*** DATA FOR PROCESSING Section Begins ***

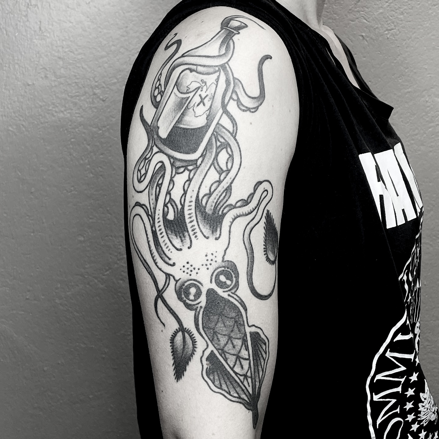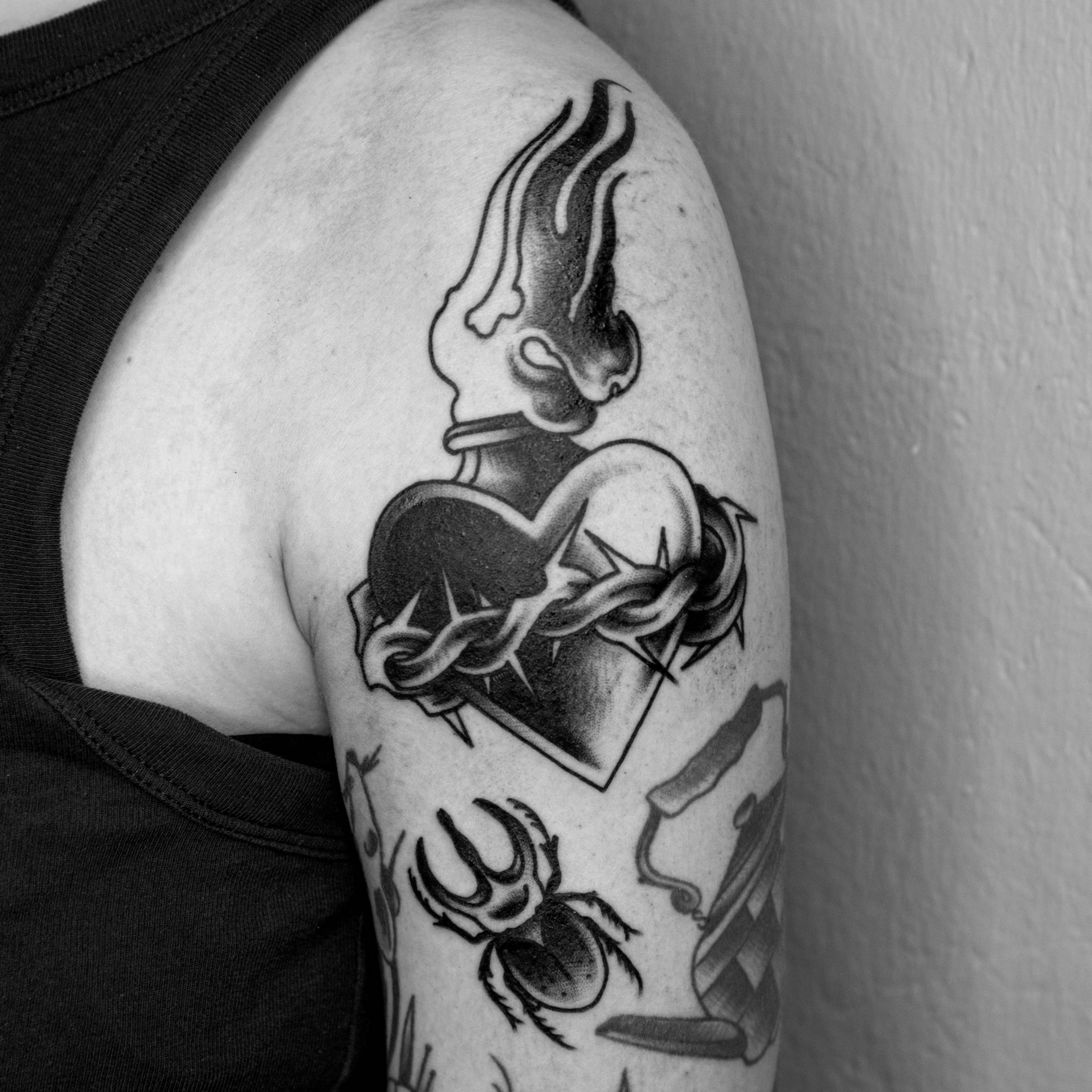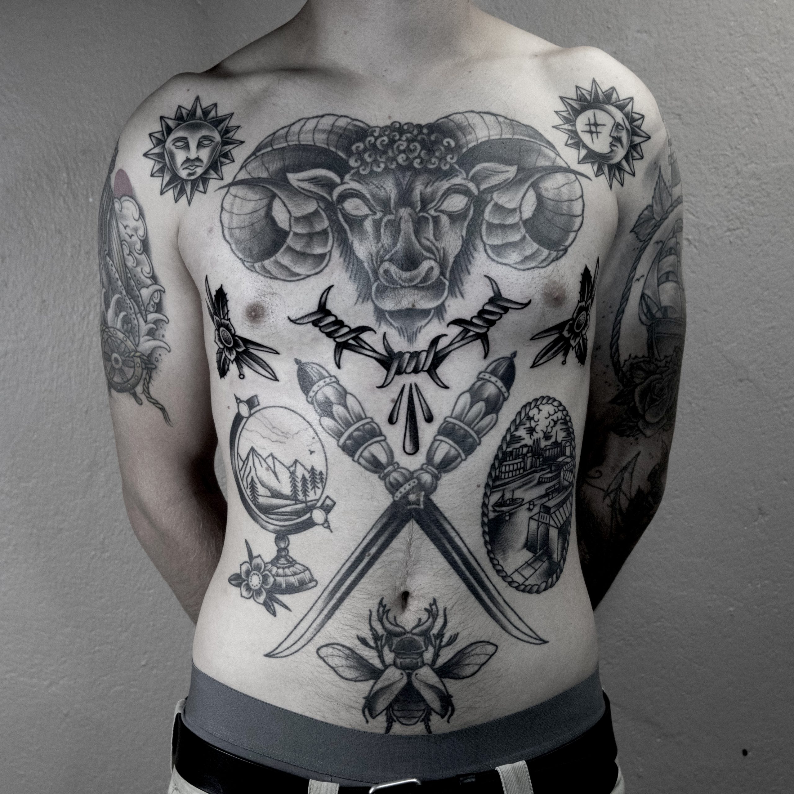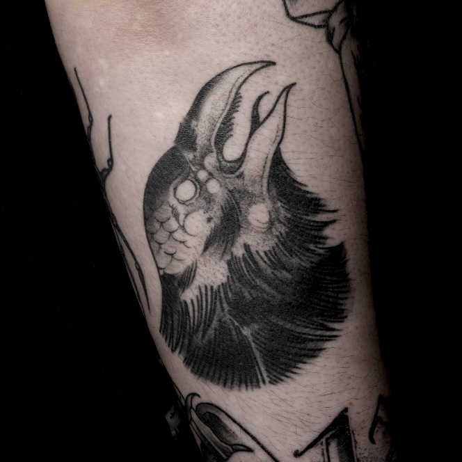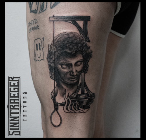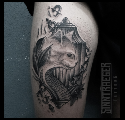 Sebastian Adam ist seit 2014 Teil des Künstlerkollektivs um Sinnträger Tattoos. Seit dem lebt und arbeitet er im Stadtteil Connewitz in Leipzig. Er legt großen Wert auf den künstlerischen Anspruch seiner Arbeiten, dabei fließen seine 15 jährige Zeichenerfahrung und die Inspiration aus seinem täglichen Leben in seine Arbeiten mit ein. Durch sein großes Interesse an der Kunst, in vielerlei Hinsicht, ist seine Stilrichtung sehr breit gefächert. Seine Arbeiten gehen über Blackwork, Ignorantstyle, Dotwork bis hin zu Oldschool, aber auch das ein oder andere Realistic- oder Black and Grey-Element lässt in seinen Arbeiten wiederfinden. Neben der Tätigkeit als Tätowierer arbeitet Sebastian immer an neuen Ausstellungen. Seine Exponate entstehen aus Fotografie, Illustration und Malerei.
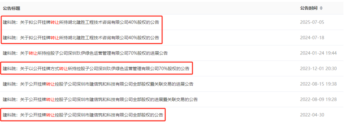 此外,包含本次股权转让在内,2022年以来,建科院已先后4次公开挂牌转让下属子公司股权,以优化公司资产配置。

*** DATA FOR PROCESSING Section Ends ***
*** DATA FOR PROCESSING Section Begins ***

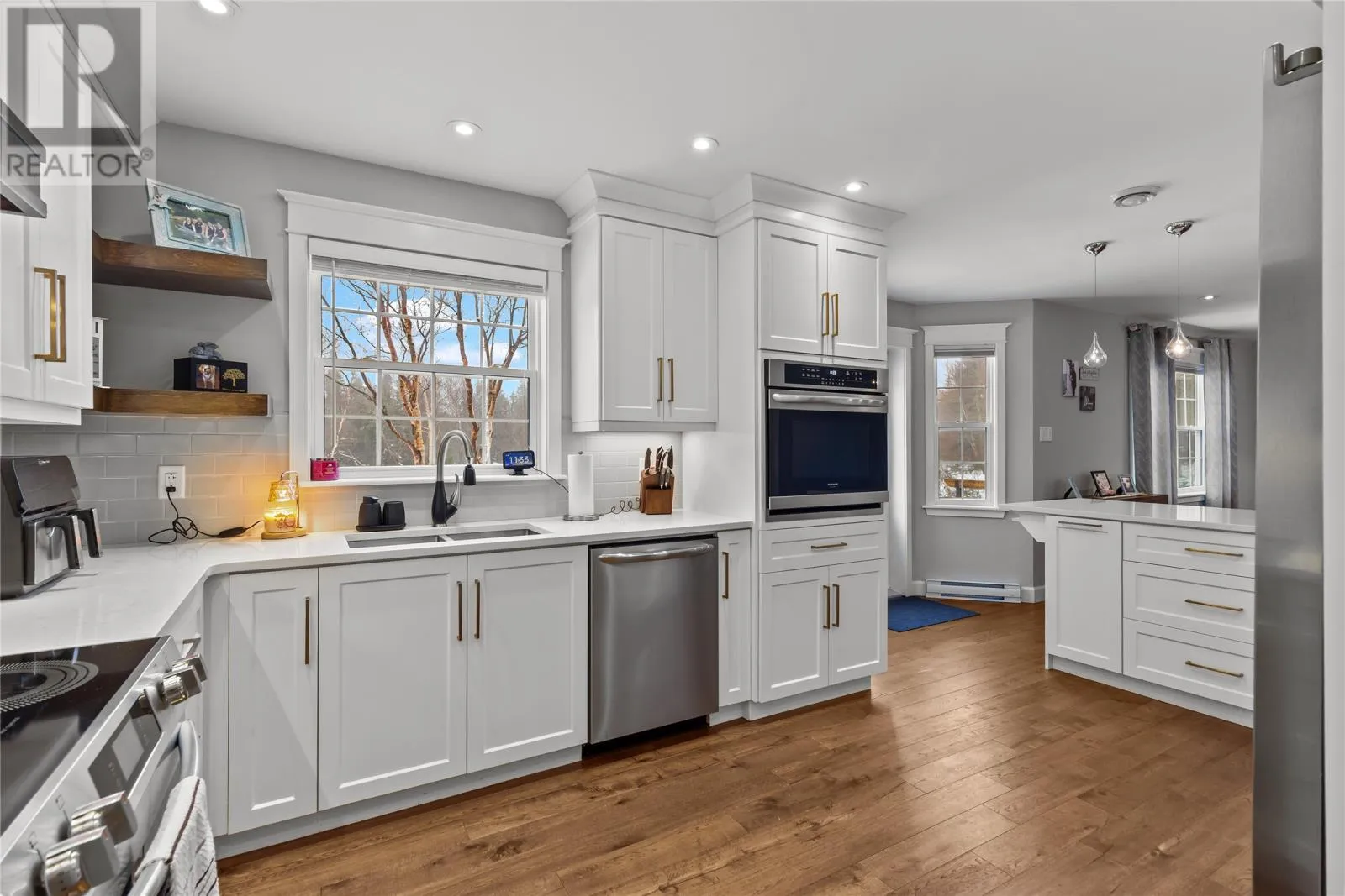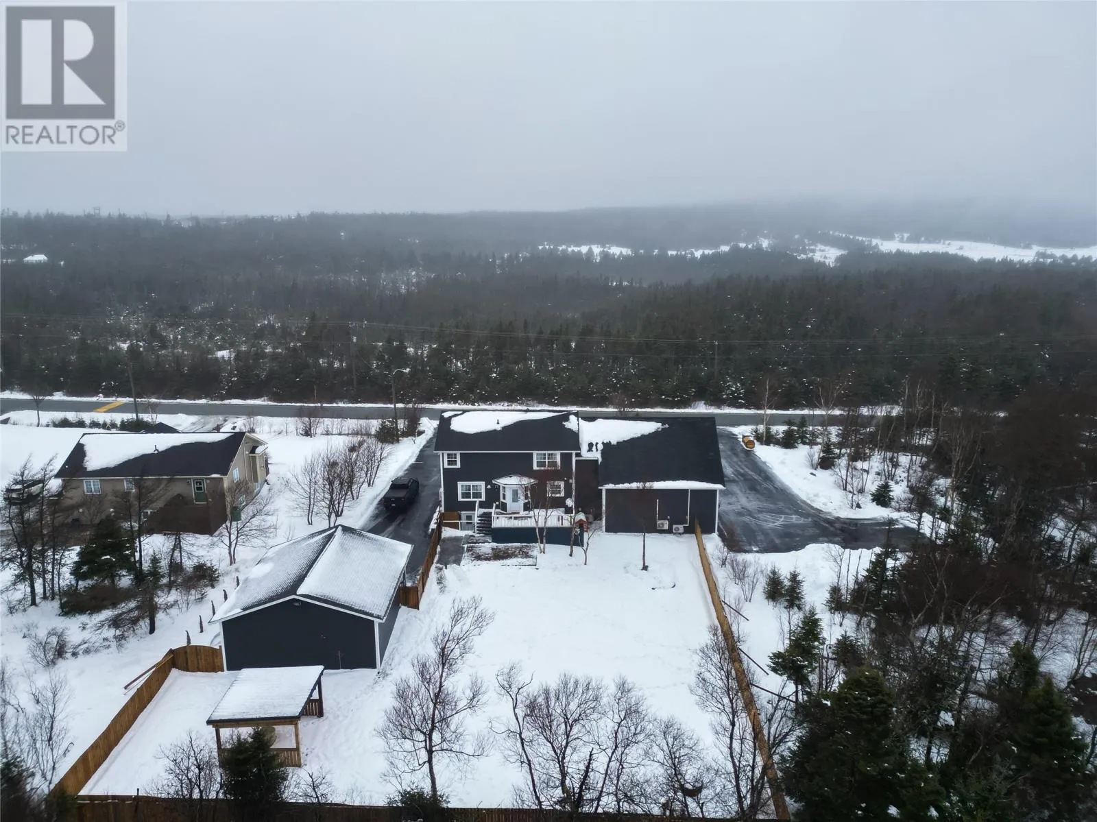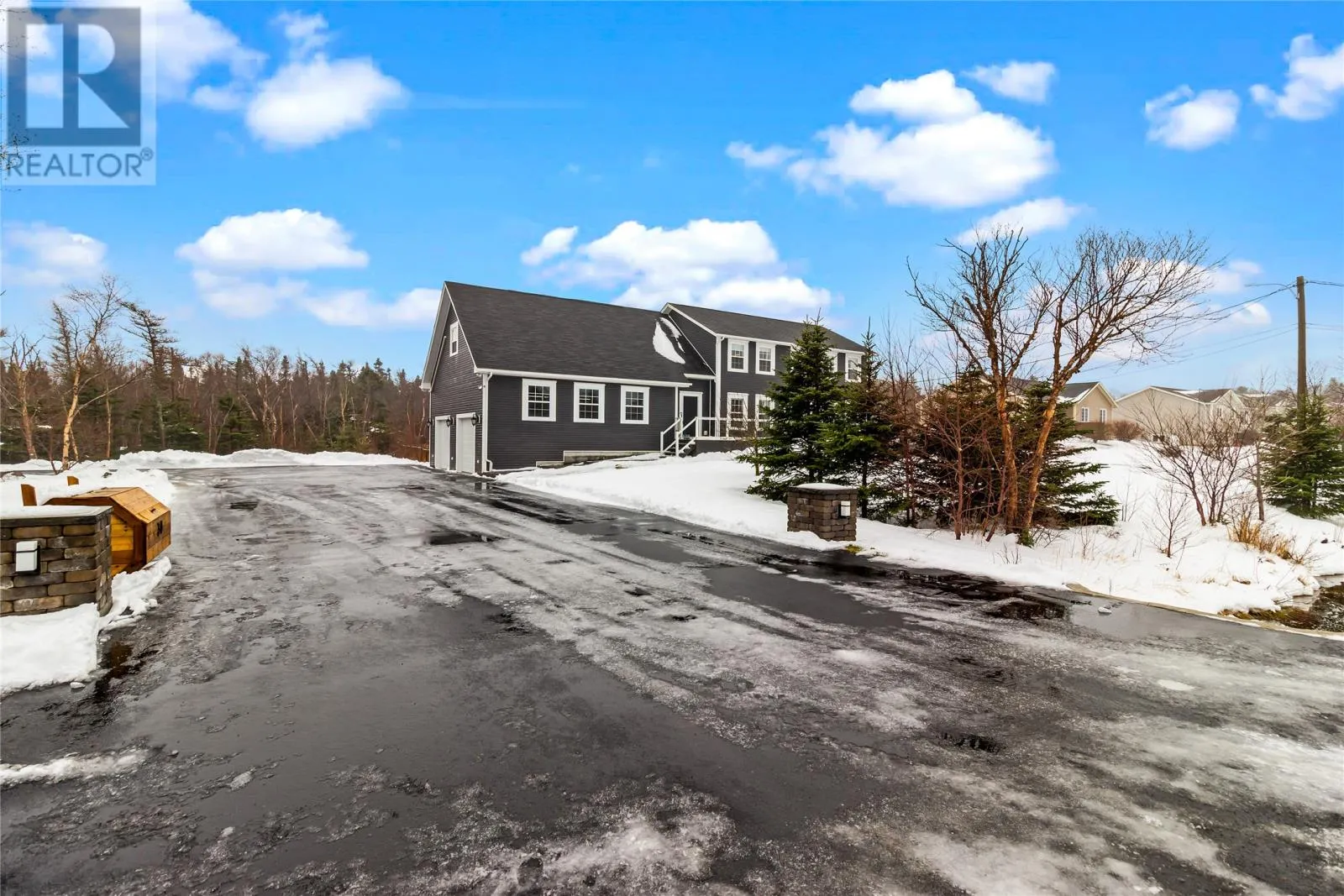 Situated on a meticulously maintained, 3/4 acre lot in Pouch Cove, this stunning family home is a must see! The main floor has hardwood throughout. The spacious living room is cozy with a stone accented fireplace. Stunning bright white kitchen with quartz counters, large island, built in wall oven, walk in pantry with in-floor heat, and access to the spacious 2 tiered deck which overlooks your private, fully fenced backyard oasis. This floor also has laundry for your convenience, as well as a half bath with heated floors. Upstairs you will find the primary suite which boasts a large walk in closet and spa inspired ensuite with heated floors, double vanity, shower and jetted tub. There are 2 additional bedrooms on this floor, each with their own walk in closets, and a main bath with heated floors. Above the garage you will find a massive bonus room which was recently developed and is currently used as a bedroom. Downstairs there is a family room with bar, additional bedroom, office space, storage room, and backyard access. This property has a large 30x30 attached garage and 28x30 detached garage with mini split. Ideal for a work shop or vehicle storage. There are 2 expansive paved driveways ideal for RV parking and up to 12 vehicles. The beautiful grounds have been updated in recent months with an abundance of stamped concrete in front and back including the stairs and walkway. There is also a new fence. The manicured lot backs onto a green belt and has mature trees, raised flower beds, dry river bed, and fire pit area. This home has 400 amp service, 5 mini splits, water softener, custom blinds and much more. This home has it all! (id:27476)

*** DATA FOR PROCESSING Section Ends ***

§ TASK DIRECTIONS: Above are records with pictures. Reproduce exactly only the lines from the line with "Sebastian Adam ist" through the line with "此外,包含本次股权转让在内,2022年以", both ends included, and leave the pictures out.

§ RESULT:
 Sebastian Adam ist seit 2014 Teil des Künstlerkollektivs um Sinnträger Tattoos. Seit dem lebt und arbeitet er im Stadtteil Connewitz in Leipzig. Er legt großen Wert auf den künstlerischen Anspruch seiner Arbeiten, dabei fließen seine 15 jährige Zeichenerfahrung und die Inspiration aus seinem täglichen Leben in seine Arbeiten mit ein. Durch sein großes Interesse an der Kunst, in vielerlei Hinsicht, ist seine Stilrichtung sehr breit gefächert. Seine Arbeiten gehen über Blackwork, Ignorantstyle, Dotwork bis hin zu Oldschool, aber auch das ein oder andere Realistic- oder Black and Grey-Element lässt in seinen Arbeiten wiederfinden. Neben der Tätigkeit als Tätowierer arbeitet Sebastian immer an neuen Ausstellungen. Seine Exponate entstehen aus Fotografie, Illustration und Malerei.
 此外,包含本次股权转让在内,2022年以来,建科院已先后4次公开挂牌转让下属子公司股权,以优化公司资产配置。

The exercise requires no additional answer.